Years ago, I was part of an offshore team that provided software development, testing and support services to one of Europe’s largest banks. There were more than 400 of us and we were spread across multiple locations in India and beyond. The areas we covered included treasury operations, working capital, payment gateway, intraday reporting, liquidity management, money markets, and business intelligence. We delivered complex projects with speed and effectiveness. We also played significant roles in large transformation programs. Our services covered several countries starting with Hong Kong in the East and going all the way to the US in the West. The work we did was impressive, our technical capabilities were wide and the trust we earned with our client was deep. Unfortunately, few people outside our account team knew of our work. We did our work quietly, with pride, but without really letting the outside world know how good we were. I suspect that even many of us did not know all that we accomplished as a team.
If you believe that it is bad form to celebrate your (and your team’s) achievements or that your work will speak for itself, you are not alone. Some of us may justify this stance with words like, “We don’t toot our own horn – that is just blatant self-promotion” or “Actions speak louder than words”. In some cultures, people may think that such celebrations are boastful, disrespectful to others and dismissive of others’ contributions.
I learned fairly early that showcasing our work is a must, not a “nice to have”. Work that isn’t visible might still be valuable, but it rarely gets credited, replicated, or scaled. In organisations especially, impact travels at the speed of storytelling. Showcasing your work matters because:
- Your work translates to impact. Effective work solves a problem once, but showcased work can have a larger impact. Others may learn from it, adopt it or build on it. Local capabilities become organizational assets. (See this example from the 90s).
- It builds credibility. When your clients and leaders see outcomes, not just the efforts you and your team put in, confidence rises.
- Your stories demonstrate what “good” looks like. Examples beat frameworks and showcasing creates a shared understanding of standards, behaviours and outcomes.
- Your team becomes visible. Their expertise makes them the “go to” team. Their inputs are sought. Stay silent and there is a risk that your team gets tagged as “support” rather than “strategic” and is passed over for new, exciting opportunities.
- Your team members are motivated. They see that their efforts matter. Public (and specific) recognition reinforces pride and ownership.
There are many ways you can showcase your and your team’s achievements. You can publish case studies, dashboards, scorecards, before-after comparisons, client testimonials, and manager commendations. You can conduct demos, celebrate achievements in townhalls, newsletters and retrospectives. Artifacts such as playbooks and FAQs reduce dependency on individuals, bring consistency to the organization and shape future decisions.
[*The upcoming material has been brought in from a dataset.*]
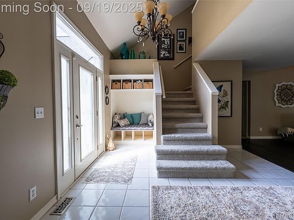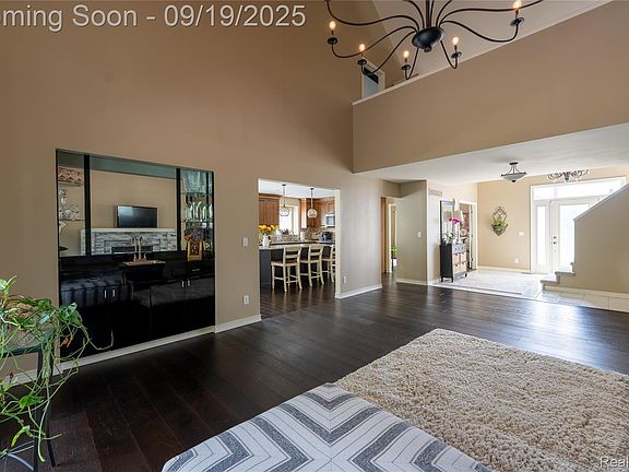 Welcome to your dream home in Shelby Township! This stunning 2-story contemporary offers nearly 2,800 sq. ft. of living space with 4 bedrooms, 3 full baths, and 2 half baths. Recent updates include beautiful new flooring throughout and upgraded windows, making this home move-in ready and in perfect condition. The spacious kitchen features granite countertops, custom white cabinetry, an oversized island, and a sunny breakfast area. The inviting living room showcases hardwood flooring, a stone fireplace, and plenty of natural light. The first-floor primary suite includes French doors leading to your private backyard, along with a spa-like bath featuring a jetted tub. The fully finished basement is an entertainer’s dream. Complete with a wet bar, egress window (2022), half bath, abundant storage, and a mix of plush carpet and elegant tile flooring. Outdoors, enjoy natural privacy fencing, a serene pond, and a paved walking trail nestled in the woods directly behind the property.

These are all powerful narrative techniques to let others know who your team members are, what they did, the challenges they overcame, and the lessons they learned.
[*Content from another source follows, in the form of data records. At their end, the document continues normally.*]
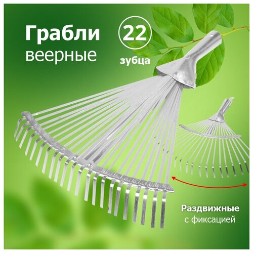 Грабли садовые веерные 22-зубые пластинчатые усиленные раздвижные цинковые "Урожайная сотка" без черенка
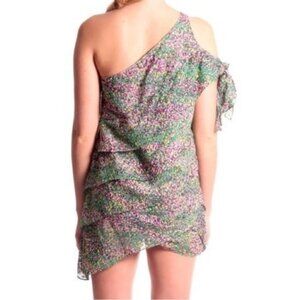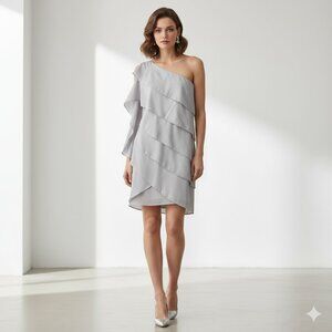 BCBGMaxAzria Runway Tiered Layered Ruffle One Shoulder Mini Dress Tie Sleeve
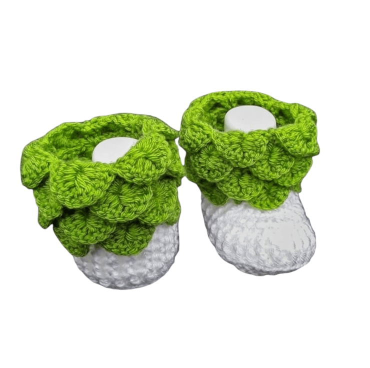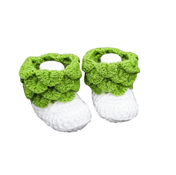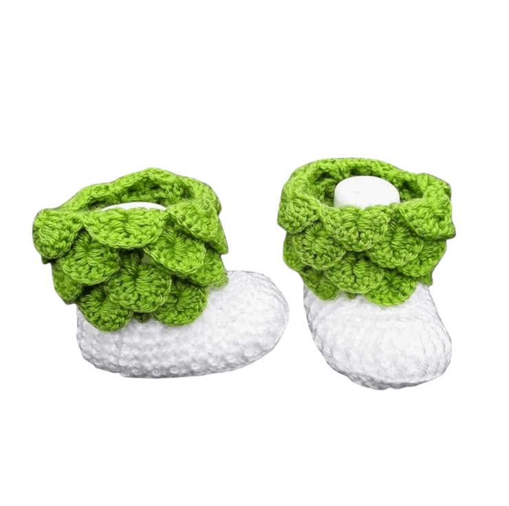 Elevate your baby's attire with these adorable crocodile stitch baby booties in green and white, a fun and stylish addition to any baby's wardrobe.

The line between showcasing achievement and self-promotion is thin but clear. When you focus on impact, share credit, use data, aim to inform and invite reflection, your intent will come through, and you will be on the right side of this line. Instead of asking, “How do I make myself visible?” ask, “How do I make the work visible?”. Can you speak in terms of business results, behaviour shifts, capability built and risk reduced? This approach takes individual ego out of the picture. It makes expertise visible, shares learning and builds credibility.
What are your thoughts on this culturally freighted topic? Can you share examples of how people showcased their work well? I’d love to hear from you.
Good read
Takes me back by 20+ years, where my leader from US was visiting our team here and after all our song and dance, his feedback was that the team is doing 98% great, but the 2% missing is NOT talking about it enough…. Nice article, thank you , Ravi.
Beautifully said, Ravi.
The ‘Power of Now’ book was known to just a few people living in the neighborhood of its author, Eckhart Tolle. It so happened that the book was ‘showcased’ by Oprah Winfrey in one of her shows, and the rest is history.
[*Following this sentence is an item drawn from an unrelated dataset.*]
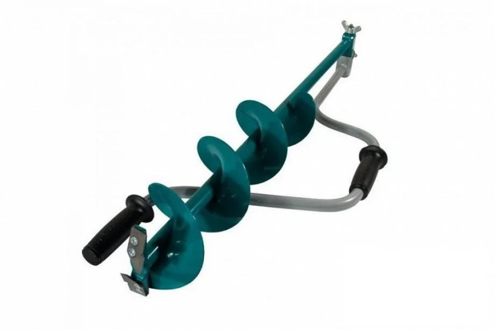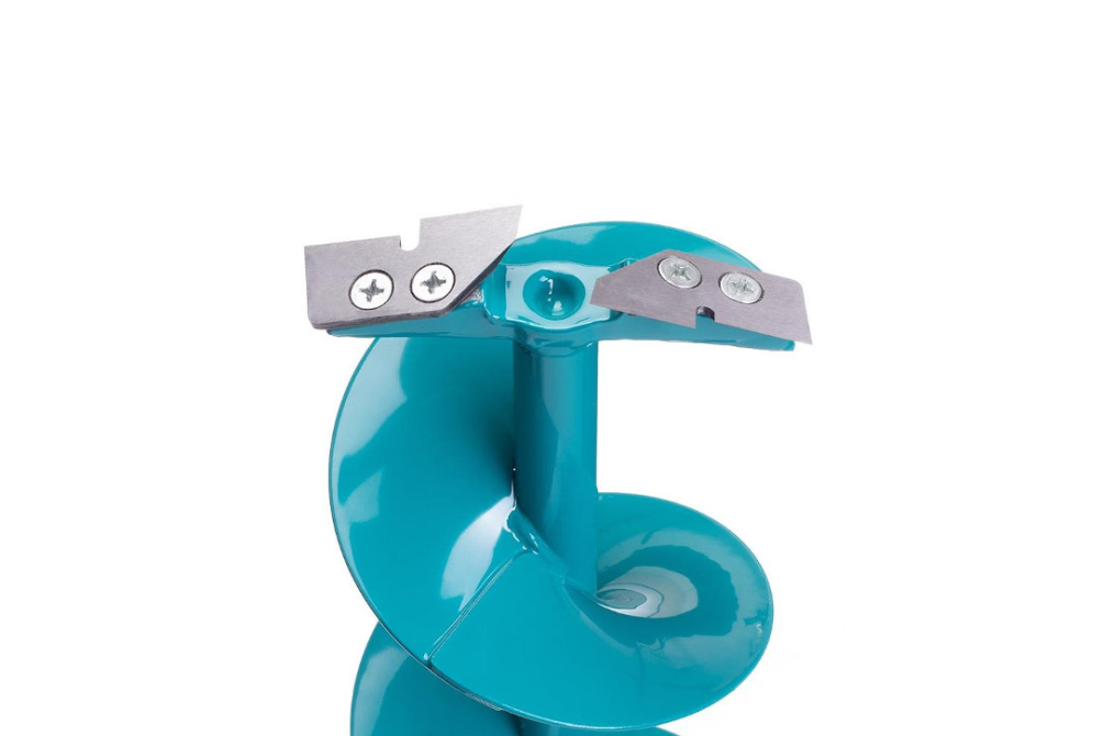 Ледобуры комплектуются качественными ножами из инструментальной стали с высокой твердостью (после закалки 55-60HRC) и запатентованными углами заточки. Ледобур двуручный. Длина спирали 500 миллиметров.

Loved the focus on impact-led storytelling and shared credit. The point about showcased work becoming an organizational asset really stood out. From a sales leadership lens, showcasing has two clear benefits, internally it builds credibility and creates opportunities, and externally it builds trust and drives revenue. Making this a regular practice through simple case studies and success stories can really amplify impact.
Good article on a necessary topic. All work team relationships are fungible. We never know what the future holds, so being able to document past achievements to new people is important for career growth and/or transitions. How exactly one does this will depend on the type of employer, work/mission, and actual work products delivered. It is also important to get approval to show samples of past work. But there’s little doubt that showing one’s past work achievement is less of a “brag” than a career necessity.